The Royal New Zealand Navy has brought together regional navies to promote safe coordination of shipping in the Pacific, Indian and South Atlantic Oceans.
The Pacific and Indian Oceans Shipping Working Group met at the Devonport Naval Base in Auckland last week and included representatives from 12 countries.
Royal New Zealand Navy Captain, Phil O'Connell, told Radio Australia's Pacific Beat that while piracy is not a factor in the Pacific like it is in the Indian Ocean, navies must work together to ensure trade routes stay safe.
"Our interest at the end of the day is unimpeded maritime trade in the best interest of our economies in our own member states," Mr O'Connell said.

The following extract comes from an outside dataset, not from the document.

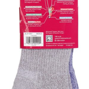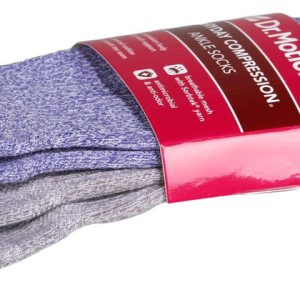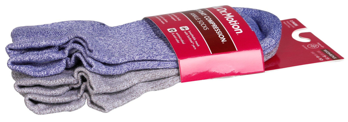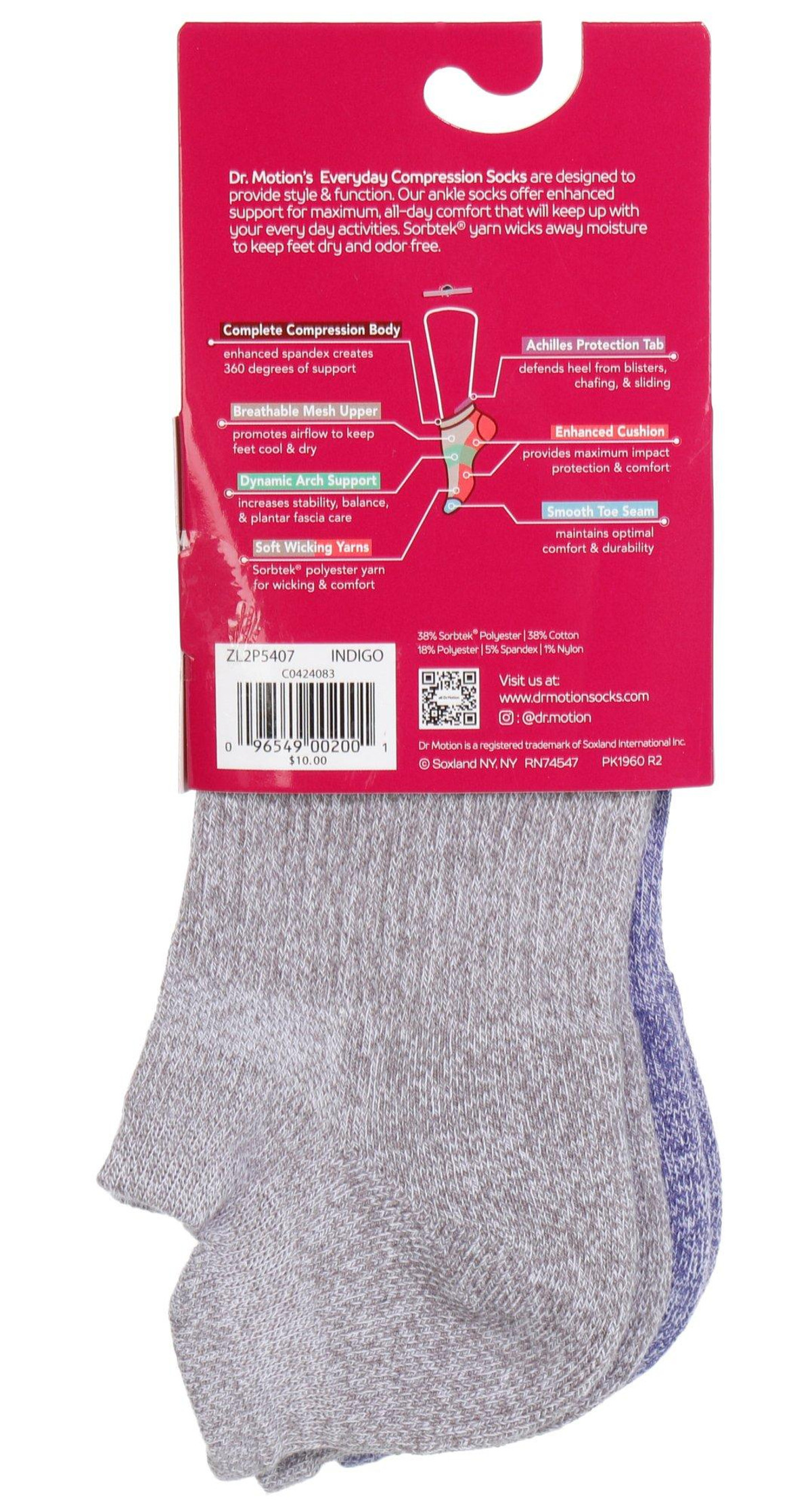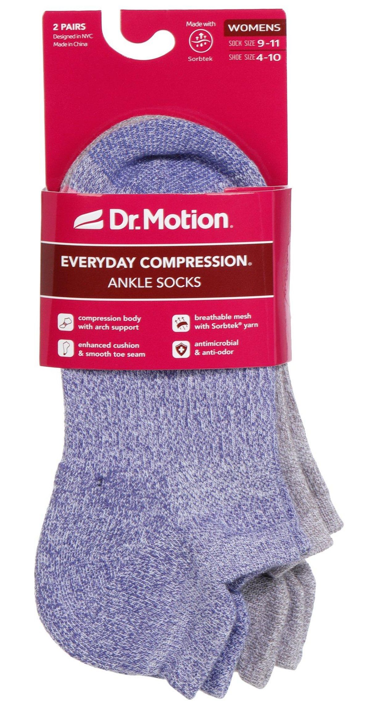 Dr. Motion women’s compression ankle socks in a 2-pair pack feature one blue and one grey design. Sized for sock size 911 and shoe size 410, these socks offer a complete compression body with dynamic arch support, enhanced cushioning, and a smooth toe seam. Made with breathable mesh and Sorbtek yarn, they wick moisture and include antimicrobial and anti-odor propertiesperfect for everyday comfort and performance.

"Our immediate neighbours around don't have the resources that we [New Zealand and Australia] do to maintain the sea lines of communication.

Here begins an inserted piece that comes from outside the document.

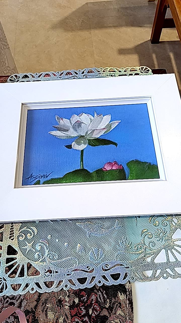 白井あや子画家「蓮の咲く頃」50号、「蓮」・「希望」油絵 サムホール!
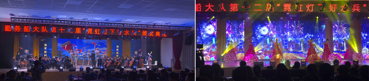 作为这座大都市中的一员,勤务船大队驻泊在浦东江心沙路,与浦西隔江想望。全部官兵在置身于改革开放的霓虹灯下,在感受上海、服务上海的同时,也借助上海优势,努力践行三个代表,不断提升部队战斗力,部队连续被上级评为先进单位,并被人们誉为霓虹灯下好水兵。这次上海古权电子科技有限公司很荣幸能为部队的多功能厅提供灯光舞美视频设备施工安装等服务,并在勤务船大队第十二届“霓虹灯下好水兵”颁奖典礼上提供现场的音视频技术服务。今后,我们将再接再厉,携手共进,给广大客户提供完美的音视频盛宴!

"The economic wellbeing of our Pacific island neighbours is also of importance to us."
Mr O'Connell said although piracy has been around for a long time in the Indian Ocean, the threat of piracy or sea robbery in the Pacific is "relatively benign".
"These things could always happen, but at this point in time its highly unlikely that its going to happen tomorrow."
Singapore has also made efforts toward negating threats to shipping, with the establishment in 2009 of the Information Fusion Centre.
Both Australia and New Zealand provide a naval liaison officer to the Centre, who work together to share information about potential threats to shipping.
Mr O'Connell said the navies of the Pacific all have the same objective.
"It's about working together collectively and developing a set of protocols and procedures that, should we need to use them, we can pull them out of the draw and turn them on," he said.